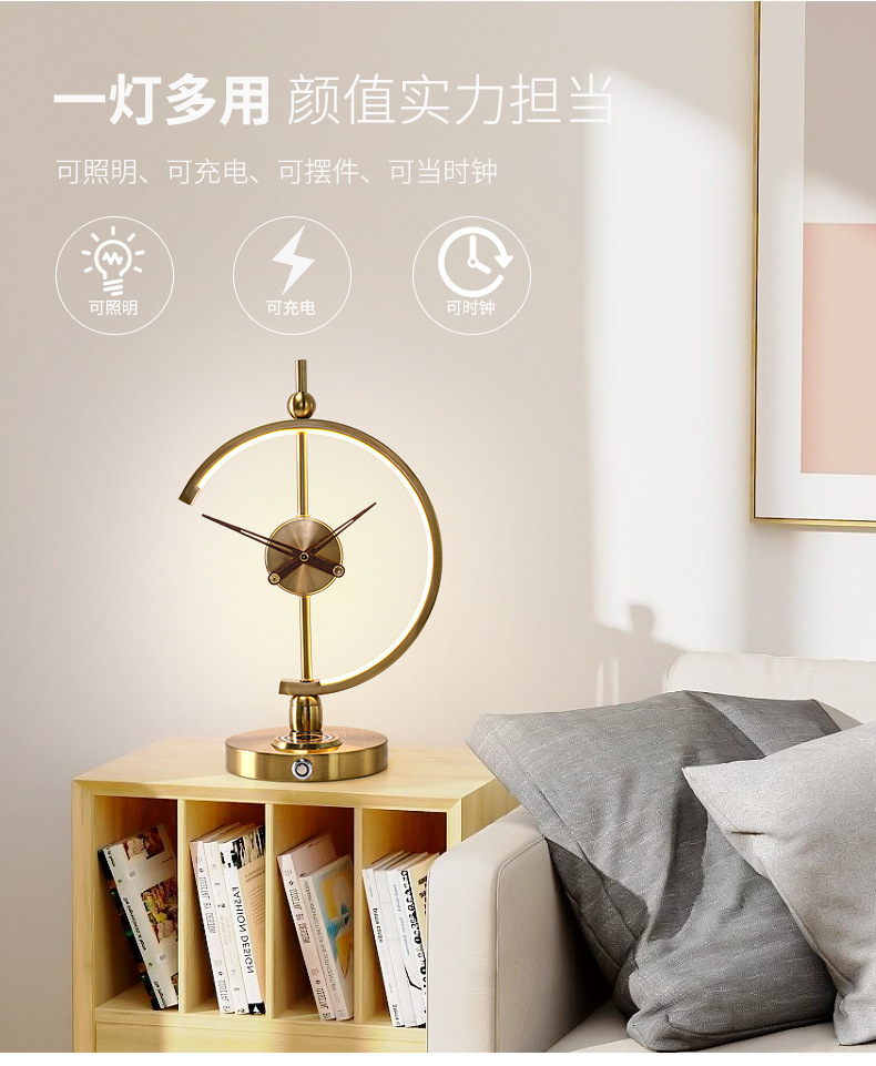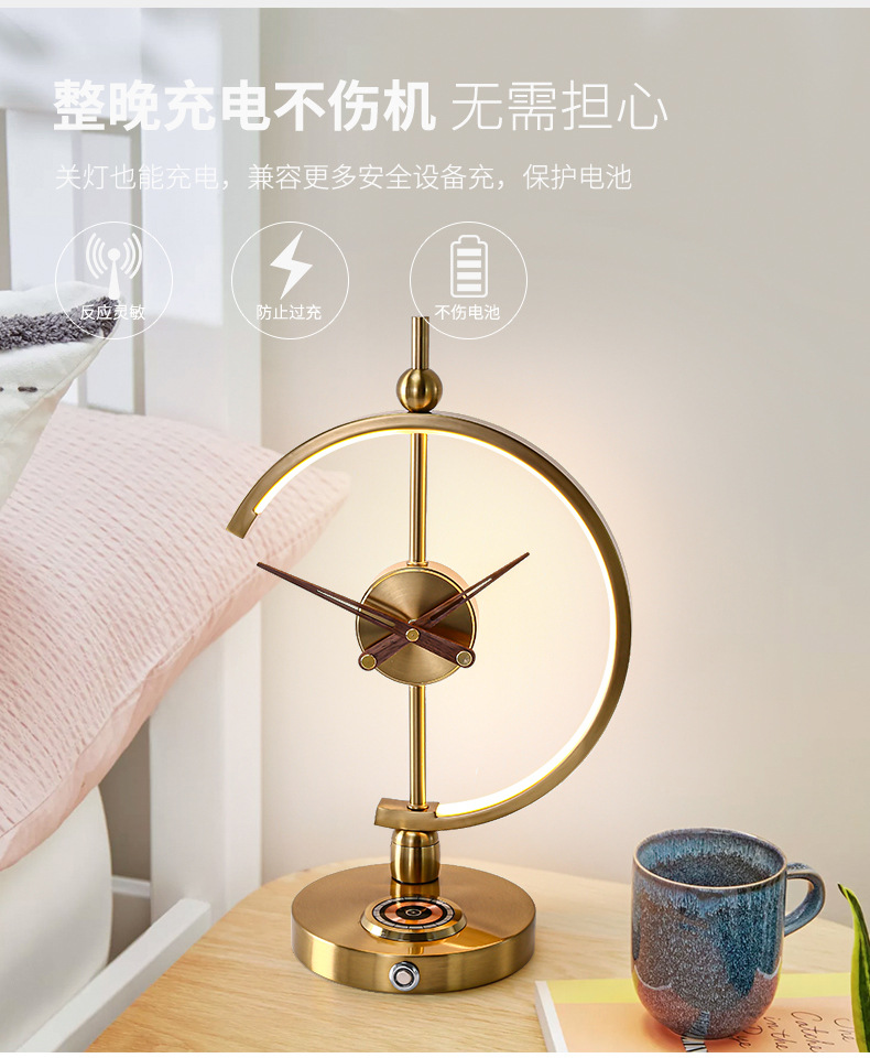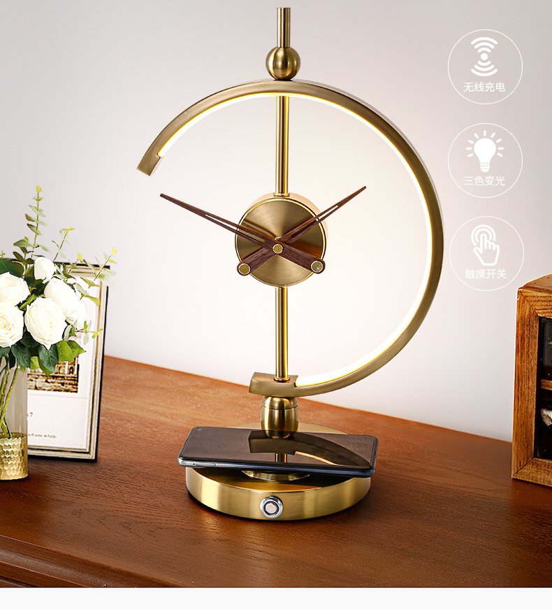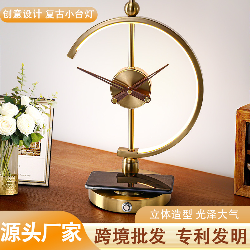 Трансграничные ретро часы настольная лампа беспроводная зарядка современная минималистичная креативная сенсорная спальня прикроватный свет ночная лампа
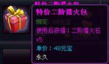 特价二阶猎火包:售价48元宝(原价185元宝)
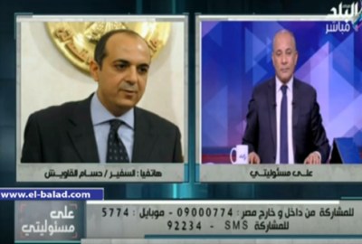 علّق السفير حسام القاويش المتحدث باسم مجلس الوزراء على بيع جزيرتي “تيران وصنافير” للمملكة العربية السعودية خلال مداخلة هاتفية لبرنامج “على مسئوليتي” الذي يُقدمه أحمد موسى، على شاشة صدى البلد، حيث بدأ موسى بتوجيه سؤالًا ساخرًا للقاويش قائلًا: “بعتوا كل جزيرة بكام يا فندم؟، عايزين نصيبنا من الجُزر”.
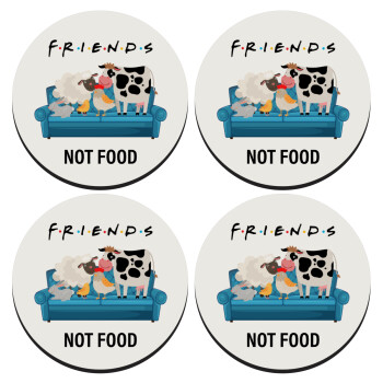 friends, not food, SET of 4 round wooden coasters (9cm)
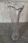 Vintage Clear Glass Fluted Ruffled Edges Swung Tall Bud Flower Vase 15 In Height

> _WORK TASK_
Give the preceding data back exactly, minus every picture.

> _PROBLEM SOLUTION_
 Трансграничные ретро часы настольная лампа беспроводная зарядка современная минималистичная креативная сенсорная спальня прикроватный свет ночная лампа
 特价二阶猎火包:售价48元宝(原价185元宝)
 علّق السفير حسام القاويش المتحدث باسم مجلس الوزراء على بيع جزيرتي “تيران وصنافير” للمملكة العربية السعودية خلال مداخلة هاتفية لبرنامج “على مسئوليتي” الذي يُقدمه أحمد موسى، على شاشة صدى البلد، حيث بدأ موسى بتوجيه سؤالًا ساخرًا للقاويش قائلًا: “بعتوا كل جزيرة بكام يا فندم؟، عايزين نصيبنا من الجُزر”.
 friends, not food, SET of 4 round wooden coasters (9cm)
 Vintage Clear Glass Fluted Ruffled Edges Swung Tall Bud Flower Vase 15 In Height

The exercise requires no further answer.